### ACTION ITEM
Output, word for word and without pictures, the lines from the one containing "sign up お申し込みはここをクリック" through the final line of the listing below.

++++ STORED DATA ++++

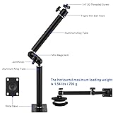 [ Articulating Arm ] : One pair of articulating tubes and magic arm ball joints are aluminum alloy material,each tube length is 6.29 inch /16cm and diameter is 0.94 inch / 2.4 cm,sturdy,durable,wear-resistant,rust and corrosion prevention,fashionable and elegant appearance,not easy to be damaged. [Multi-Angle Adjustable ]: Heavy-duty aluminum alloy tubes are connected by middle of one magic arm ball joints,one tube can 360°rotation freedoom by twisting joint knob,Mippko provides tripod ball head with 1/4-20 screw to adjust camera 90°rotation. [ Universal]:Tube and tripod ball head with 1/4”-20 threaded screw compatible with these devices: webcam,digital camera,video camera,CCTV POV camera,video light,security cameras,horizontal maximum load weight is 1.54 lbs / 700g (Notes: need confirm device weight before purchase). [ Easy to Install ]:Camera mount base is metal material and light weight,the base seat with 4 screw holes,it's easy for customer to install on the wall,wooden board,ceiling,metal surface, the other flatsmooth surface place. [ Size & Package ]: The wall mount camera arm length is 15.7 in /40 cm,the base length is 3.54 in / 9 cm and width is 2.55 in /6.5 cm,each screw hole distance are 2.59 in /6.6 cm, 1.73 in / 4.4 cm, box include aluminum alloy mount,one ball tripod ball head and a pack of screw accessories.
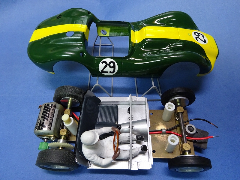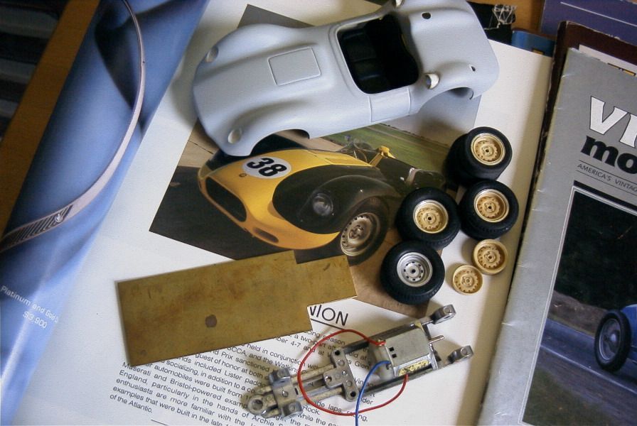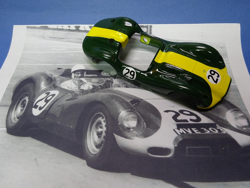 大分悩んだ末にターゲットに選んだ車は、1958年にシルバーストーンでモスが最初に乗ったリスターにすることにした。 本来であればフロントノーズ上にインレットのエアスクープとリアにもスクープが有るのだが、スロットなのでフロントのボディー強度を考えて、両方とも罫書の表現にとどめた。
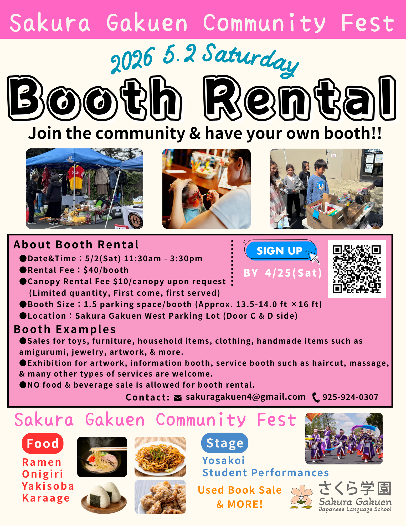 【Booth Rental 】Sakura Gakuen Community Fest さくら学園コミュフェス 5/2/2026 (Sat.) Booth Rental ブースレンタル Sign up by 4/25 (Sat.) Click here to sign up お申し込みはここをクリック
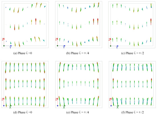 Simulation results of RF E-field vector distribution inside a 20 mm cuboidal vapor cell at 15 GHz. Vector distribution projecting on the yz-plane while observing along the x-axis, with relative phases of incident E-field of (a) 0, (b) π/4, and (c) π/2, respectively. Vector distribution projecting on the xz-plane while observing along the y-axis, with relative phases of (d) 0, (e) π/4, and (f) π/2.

++++

### TASK RESPONSE
 【Booth Rental 】Sakura Gakuen Community Fest さくら学園コミュフェス 5/2/2026 (Sat.) Booth Rental ブースレンタル Sign up by 4/25 (Sat.) Click here to sign up お申し込みはここをクリック
 Simulation results of RF E-field vector distribution inside a 20 mm cuboidal vapor cell at 15 GHz. Vector distribution projecting on the yz-plane while observing along the x-axis, with relative phases of incident E-field of (a) 0, (b) π/4, and (c) π/2, respectively. Vector distribution projecting on the xz-plane while observing along the y-axis, with relative phases of (d) 0, (e) π/4, and (f) π/2.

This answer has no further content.